(Stored data)
+-------+
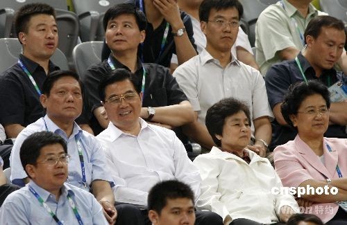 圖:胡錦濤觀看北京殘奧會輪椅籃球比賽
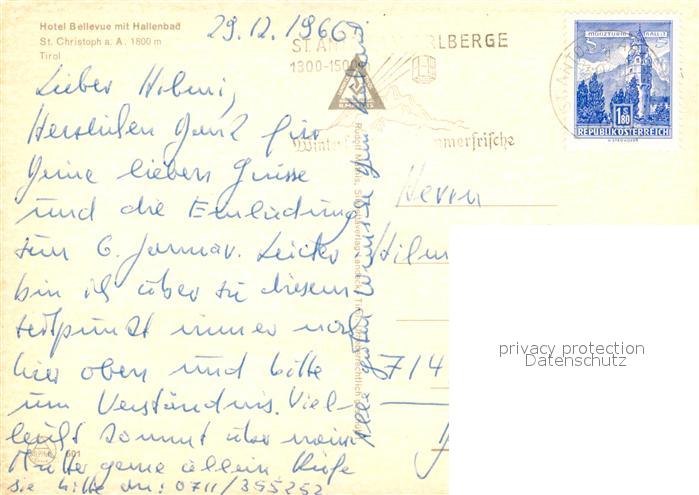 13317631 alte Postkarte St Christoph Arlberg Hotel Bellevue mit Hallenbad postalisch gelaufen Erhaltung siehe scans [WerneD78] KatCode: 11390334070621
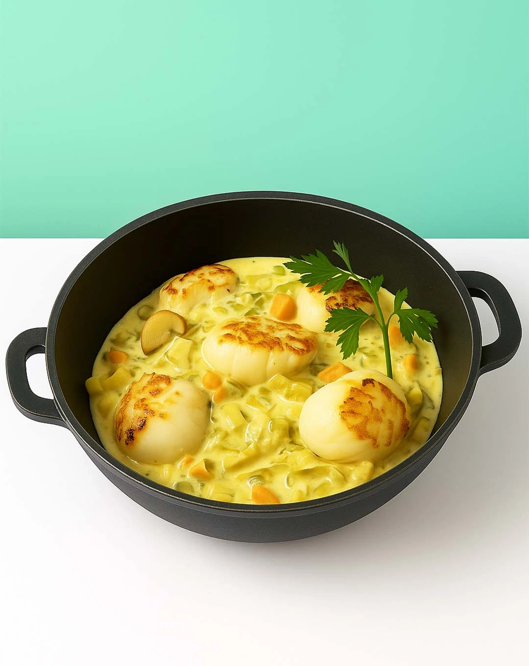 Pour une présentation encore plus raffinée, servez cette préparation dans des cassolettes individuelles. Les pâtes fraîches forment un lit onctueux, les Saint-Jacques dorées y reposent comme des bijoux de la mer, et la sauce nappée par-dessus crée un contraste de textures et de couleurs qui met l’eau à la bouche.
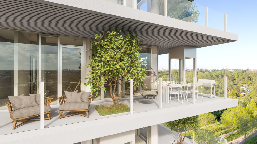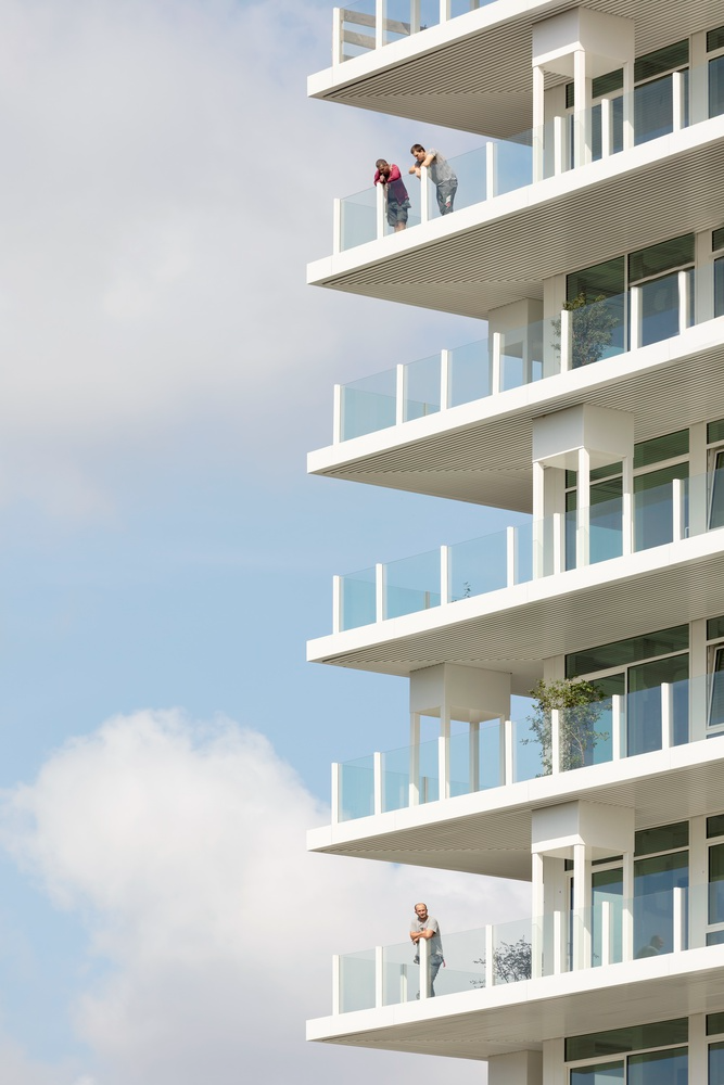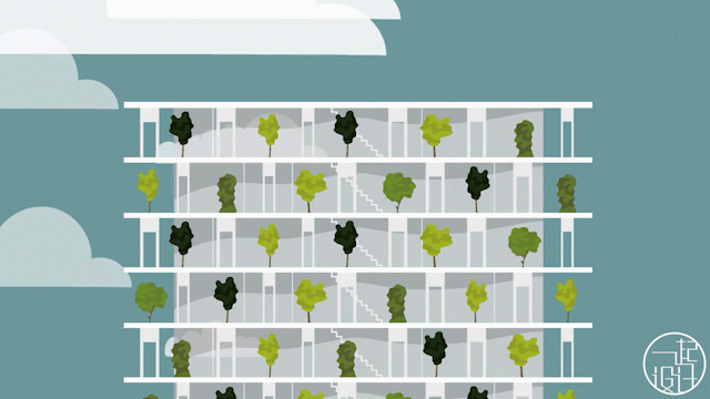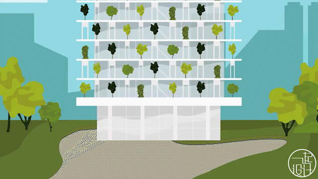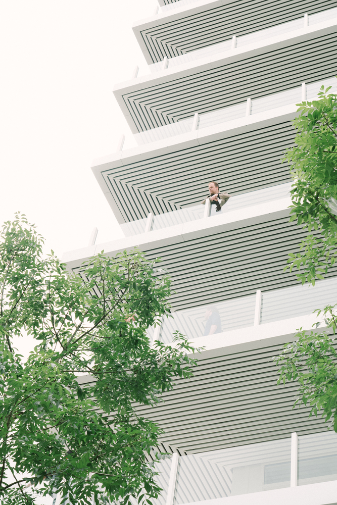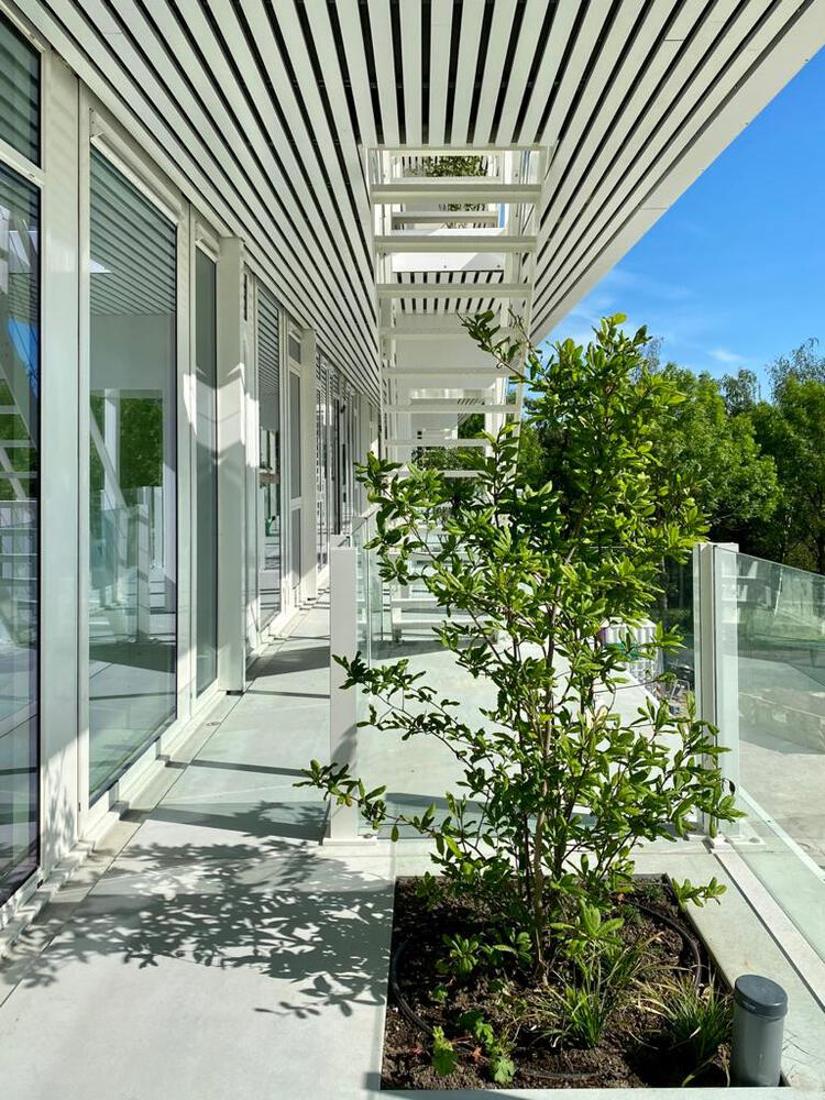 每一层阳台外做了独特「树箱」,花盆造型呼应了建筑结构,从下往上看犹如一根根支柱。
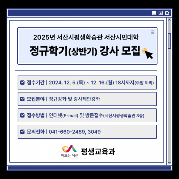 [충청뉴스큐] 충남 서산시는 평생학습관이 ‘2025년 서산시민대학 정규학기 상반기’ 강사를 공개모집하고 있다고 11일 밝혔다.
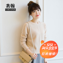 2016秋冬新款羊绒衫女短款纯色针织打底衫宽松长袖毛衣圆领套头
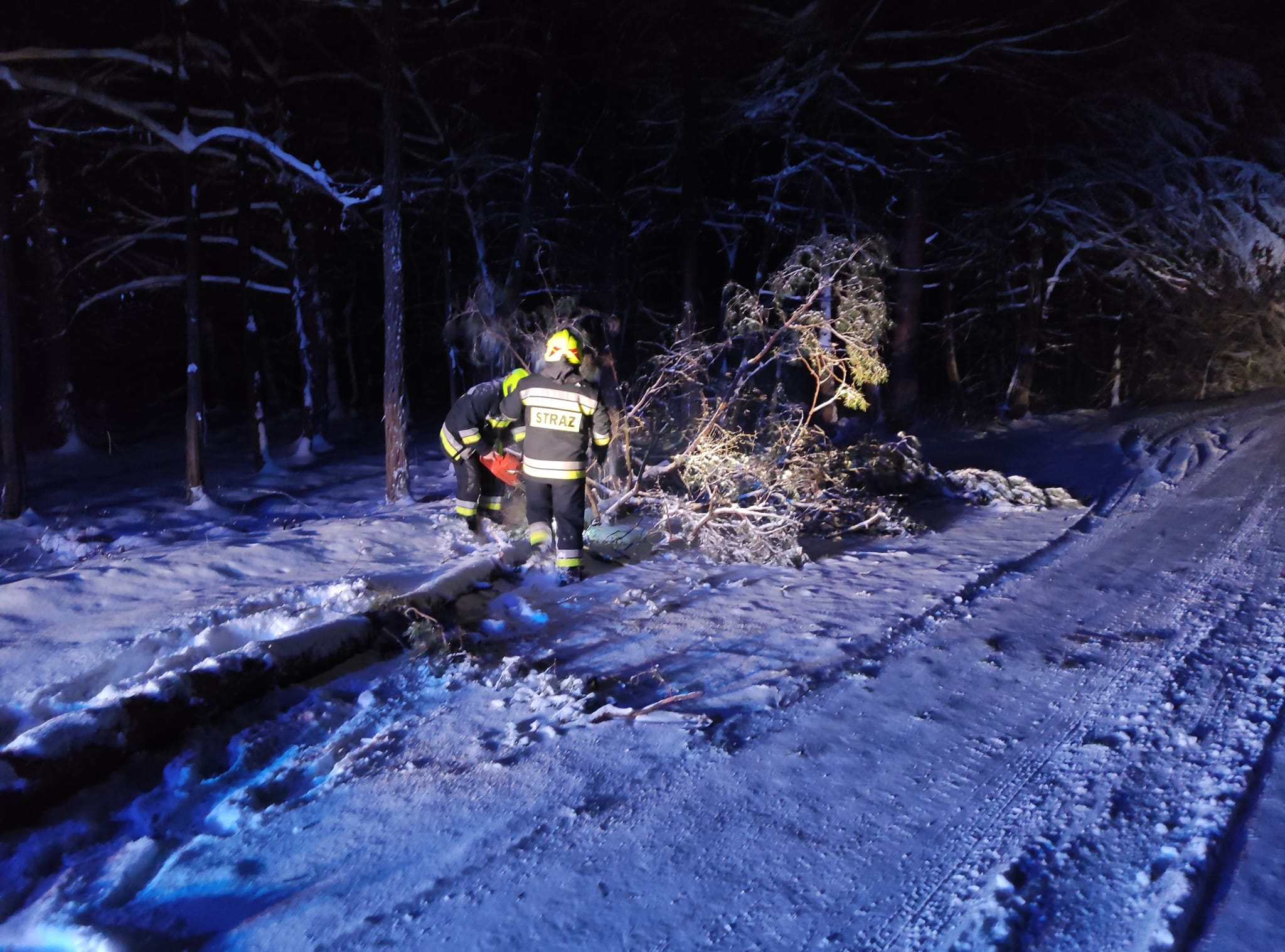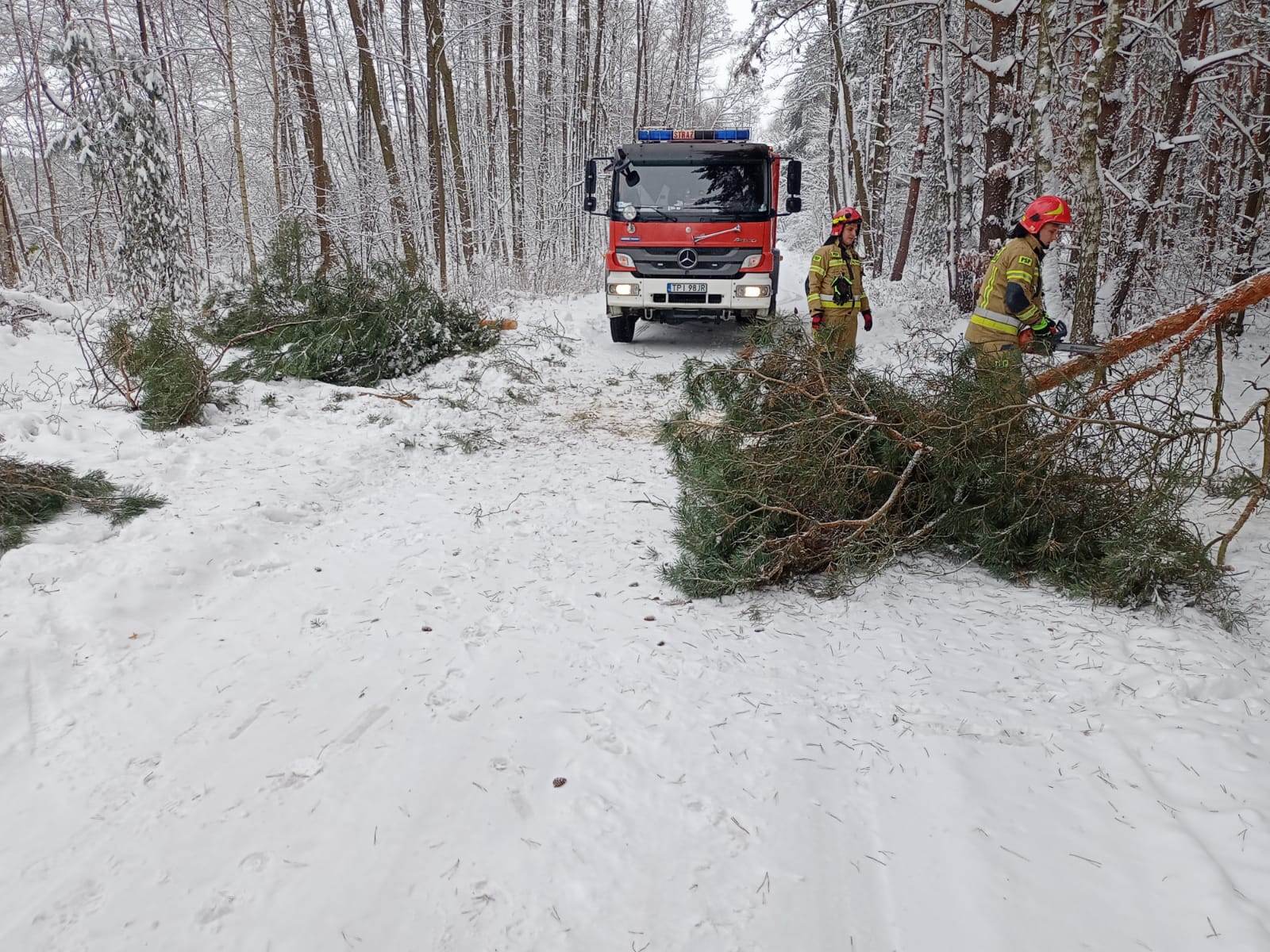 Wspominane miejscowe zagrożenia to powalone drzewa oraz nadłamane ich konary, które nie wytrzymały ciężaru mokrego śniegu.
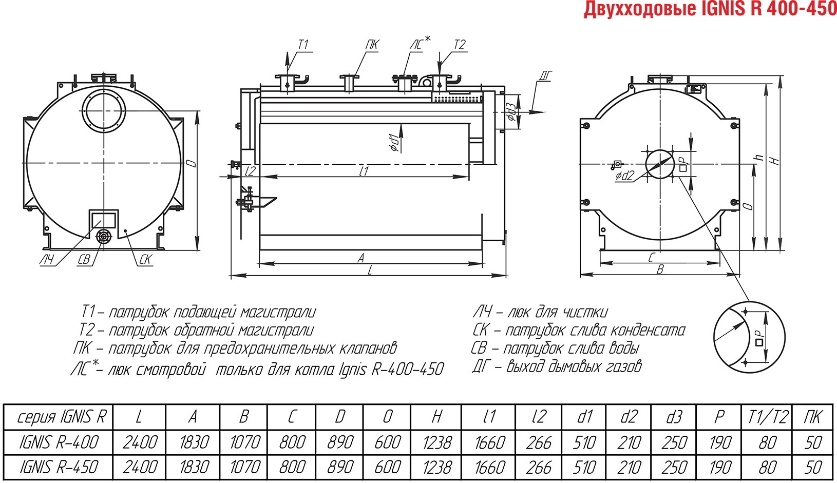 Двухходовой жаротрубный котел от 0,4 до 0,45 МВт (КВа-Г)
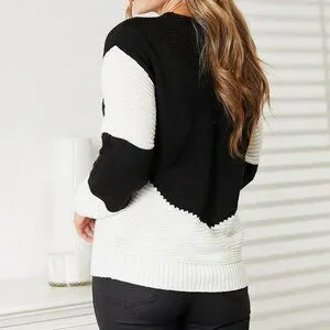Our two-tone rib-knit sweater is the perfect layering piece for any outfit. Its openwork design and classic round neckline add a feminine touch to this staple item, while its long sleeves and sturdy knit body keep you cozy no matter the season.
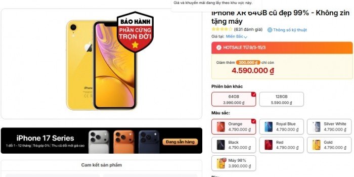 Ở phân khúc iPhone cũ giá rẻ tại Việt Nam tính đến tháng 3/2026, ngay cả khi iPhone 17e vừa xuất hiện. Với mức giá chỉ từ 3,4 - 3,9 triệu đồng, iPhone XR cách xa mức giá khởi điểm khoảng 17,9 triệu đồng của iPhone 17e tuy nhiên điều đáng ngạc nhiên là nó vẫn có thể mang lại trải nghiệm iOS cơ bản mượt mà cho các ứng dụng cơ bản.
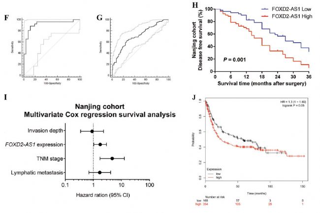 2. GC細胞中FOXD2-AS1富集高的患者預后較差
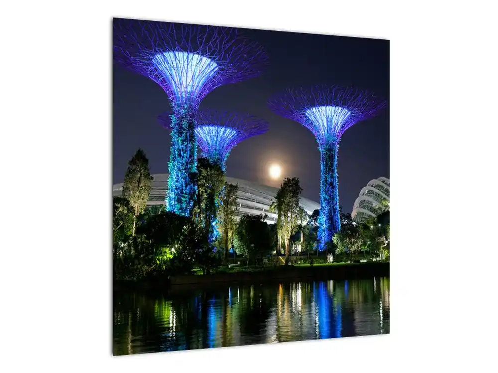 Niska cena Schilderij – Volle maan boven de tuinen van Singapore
+-------+
Return exactly the lines above, from the one with "13317631 alte Postkarte" up to and including the one with "2016秋冬新款羊绒衫女短款纯色针织打底衫宽松长袖毛衣圆领套头", and include no pictures.

 13317631 alte Postkarte St Christoph Arlberg Hotel Bellevue mit Hallenbad postalisch gelaufen Erhaltung siehe scans [WerneD78] KatCode: 11390334070621
 Pour une présentation encore plus raffinée, servez cette préparation dans des cassolettes individuelles. Les pâtes fraîches forment un lit onctueux, les Saint-Jacques dorées y reposent comme des bijoux de la mer, et la sauce nappée par-dessus crée un contraste de textures et de couleurs qui met l’eau à la bouche.
 每一层阳台外做了独特「树箱」,花盆造型呼应了建筑结构,从下往上看犹如一根根支柱。
 [충청뉴스큐] 충남 서산시는 평생학습관이 ‘2025년 서산시민대학 정규학기 상반기’ 강사를 공개모집하고 있다고 11일 밝혔다.
 2016秋冬新款羊绒衫女短款纯色针织打底衫宽松长袖毛衣圆领套头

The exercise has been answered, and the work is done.